Like all testimonial or evidentiary privileges, the psychotherapist-patient privilege must be strictly construed. United States v. Squillacote, 221 F.3d 542, 560 (4th Cir. 2000) (spousal privilege). In the case of another evidentiary privilege, the attorney-client privilege, we have recognized that the holder of it may waive the privilege either expressly or impliedly by a voluntary disclosure to a third party. Hawkins v. Stables, 148 F.3d 379, 384 n.4 (4th Cir. 1998) (attorney-client privilege). An implied waiver waives the privilege not only as to the specific information disclosed, but also as to the subject matter of the disclosure. Id. The burden rests on the person invoking the privilege to demonstrate its applicability, including the absence of any waiver of it. United States v. Jones, 696 F.2d 1069, 1072 (4th Cir. 1982).***

A patient may waive the psychotherapist--patient privilege by knowingly and voluntarily relinquishing it. United States v. Hayes, 227 F.3d 578, 586 (6th Cir. 2000). A waiver may occur when the substance of therapy sessions is disclosed to unrelated third parties, see id. (noting that "a patient can waive the protections of the psychotherapist/patient privilege by disclosing the substance of therapy sessions to unrelated third parties"), or when the privilege is not properly asserted during testimony. See Hawkins, 148 F.3d at 384 ("By answering the question as [the defendant] did, [the defendant] both waived her [attorney-client] privilege and provided probative evidence [on the subject matter].").

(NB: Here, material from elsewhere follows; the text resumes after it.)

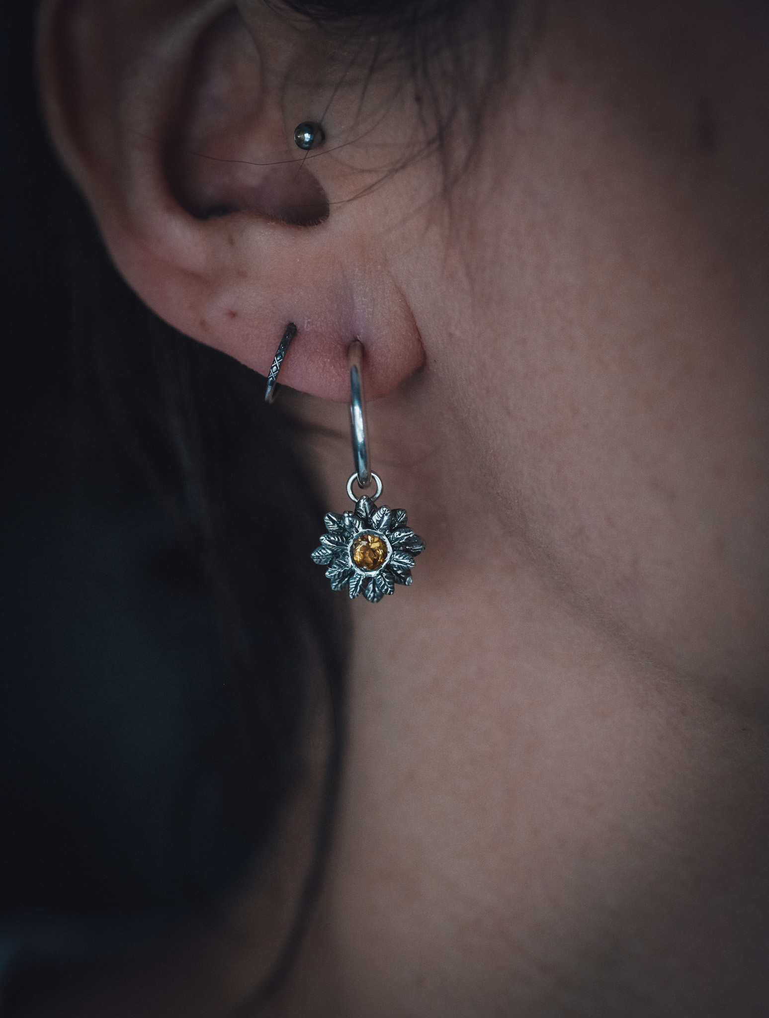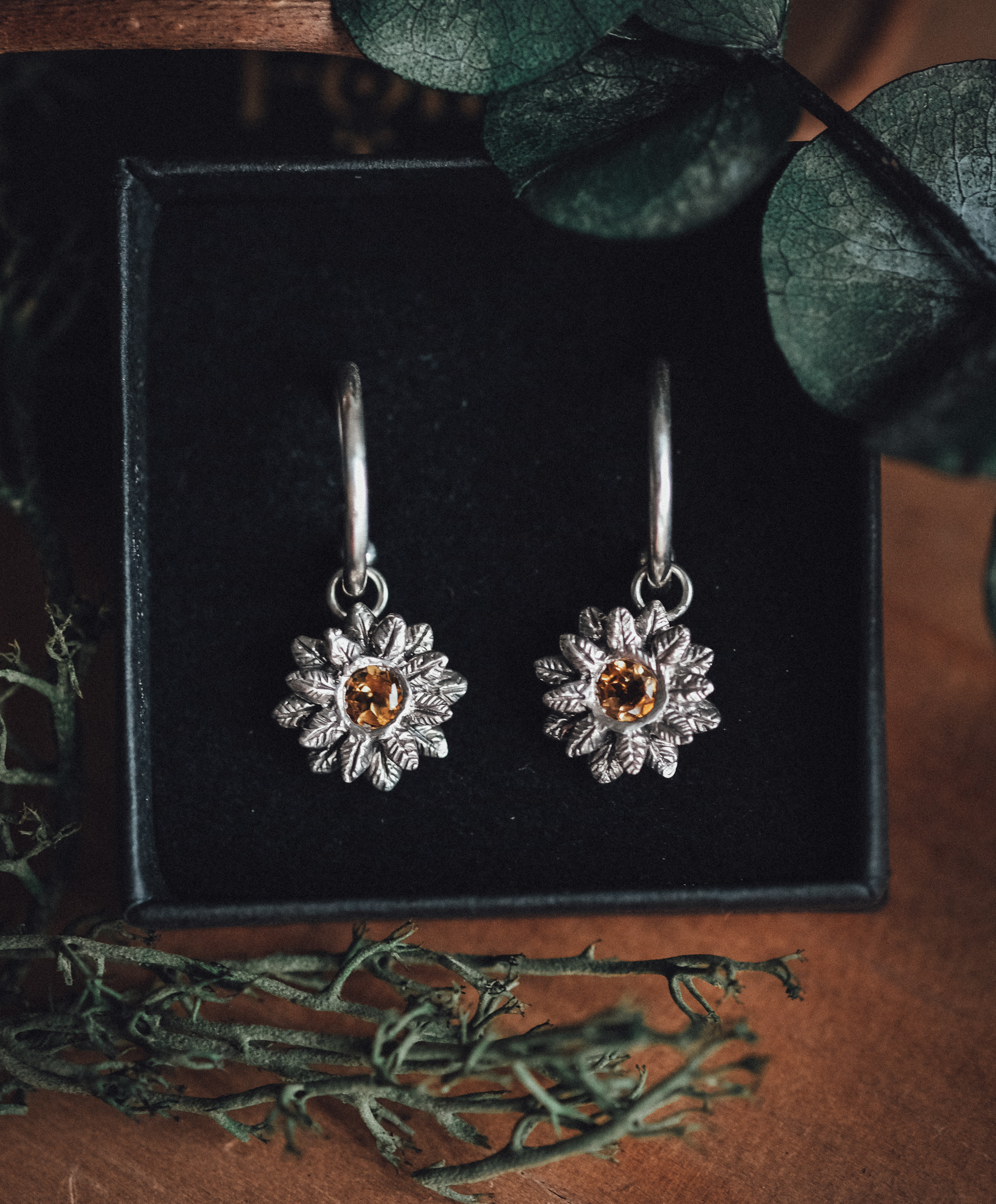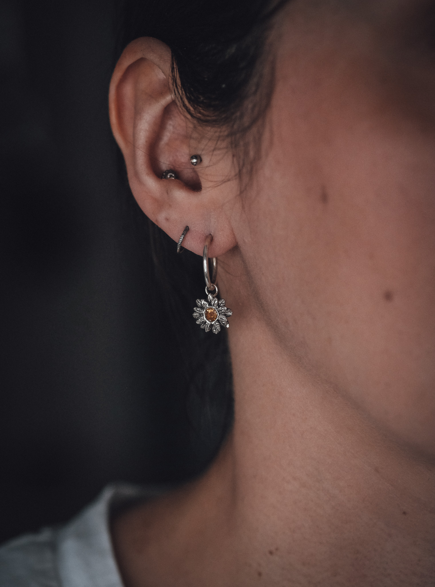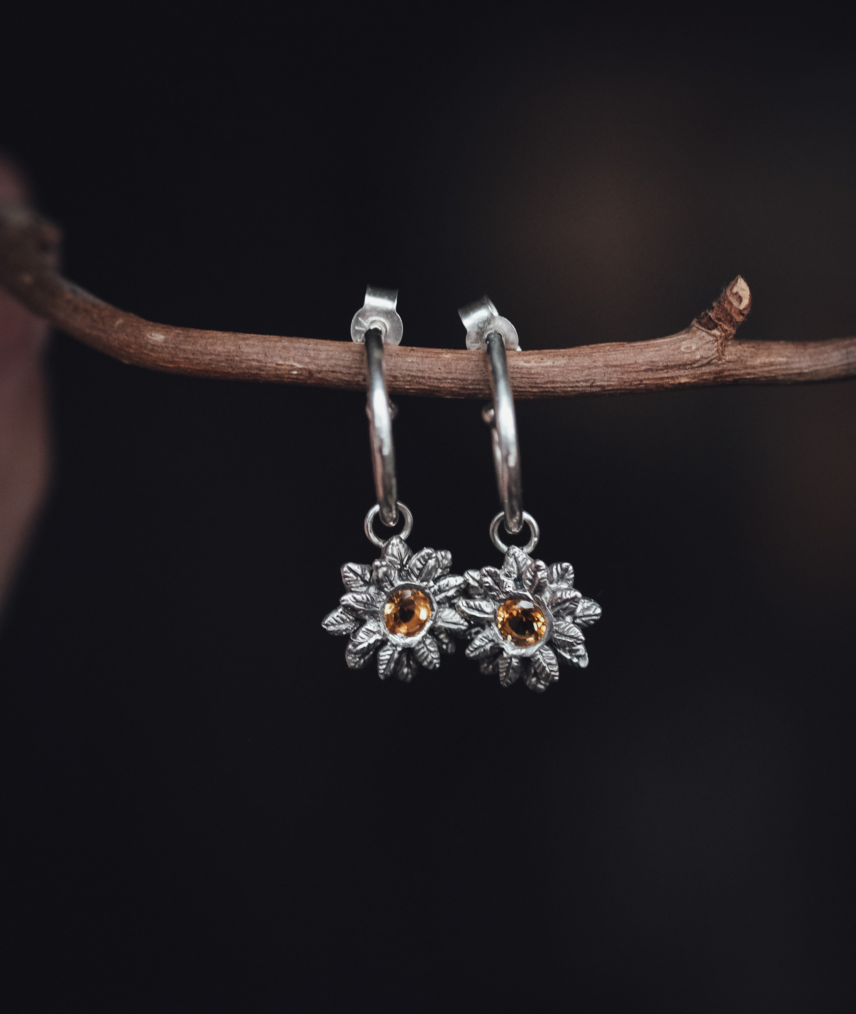 Boucles d’oreilles créoles en argent 925 composées de deux citrines d’un orange flamboyant.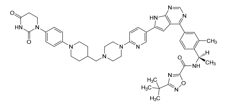 3-tert-butyl-N-[(1R)-1-[4-[6-[6-[4-[[1-[4-(2,4-dioxo-1,3-diazinan-1-yl)phenyl]piperidin-4-yl]methyl]piperazin-1-yl]-3-pyridinyl]-7H-pyrrolo[2,3-d]pyrimidin-4-yl]-2-methylphenyl]ethyl]-1,2,4-oxadiazole-5-carboxamide

In this case, Bolander willingly provided the SOTP [privileged] materials to his own expert, Dr. Warren. In the report, Dr. Warren acknowledged that he received and reviewed the materials Bolander claims are privileged. Bolander did not assert the psychotherapist--patient privilege prior to his disclosure to Dr. Warren. Rather, he waited until approximately one month prior to the evidentiary hearing to do so, even though the case had been pending in the district court for quite some time. By failing to timely assert the psychotherapist--patient privilege, Bolander waived whatever privilege he may have had. Put another way, it was incumbent upon Bolander to assert the psychotherapist--patient privilege in a timely fashion, rather than waiting until the eleventh hour to do so. See United States v. Ary, 518 F.3d 775, 784-85 (10th Cir. 2008) (holding that failure to timely assert attorney-client privilege constitutes waiver); United States v. White, 970 F.2d 328, 334-35 (7th Cir. 1992) (same). Moreover, to the extent Bolander claims a privilege in his communications with Dr. Warren, we reject this argument as well. Dr. Warren was not being sought for treatment, but rather to evaluate Bolander's mental condition. And as the Supreme Court in Jaffee made clear, the privilege only extends to those psychotherapists who are being consulted for diagnosis and treatment, not under other circumstances. 501 U.S. at 15.

Bolander also failed to assert the psychotherapist--patient privilege during his October 4, 2011 deposition. During that deposition, Bolander was asked questions about his participation in the SOTP. He did not assert any privilege with respect to the information he provided in the SOTP, including the documents generated by the program. Instead, Bolander openly discussed his participation in the SOTP, including the numerous admissions he made during that program. By answering questions without asserting the psychotherapist--patient privilege, Bolander waived any privilege he may have enjoyed. Hawkins, 148 F.3d at 384.